Within the entries below, output exactly the lines between the line containing "Estante Home Theater" and the line containing "с индивидуальной фотопечатью", inclusive, and omit any picture.
---------- Supplied material
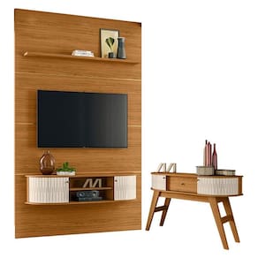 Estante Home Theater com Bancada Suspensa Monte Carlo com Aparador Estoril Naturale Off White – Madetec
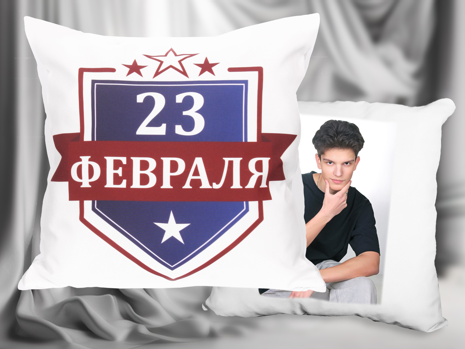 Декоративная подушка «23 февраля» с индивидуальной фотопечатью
--------------------
---------- Supplied material
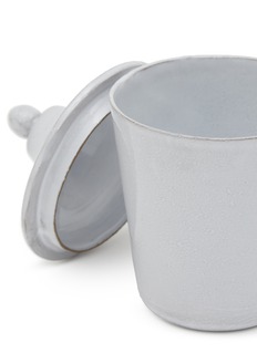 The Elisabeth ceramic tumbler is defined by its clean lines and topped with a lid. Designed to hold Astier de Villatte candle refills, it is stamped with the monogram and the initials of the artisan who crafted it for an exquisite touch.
--------------------
[Result of this exercise]
 Estante Home Theater com Bancada Suspensa Monte Carlo com Aparador Estoril Naturale Off White – Madetec
 Декоративная подушка «23 февраля» с индивидуальной фотопечатью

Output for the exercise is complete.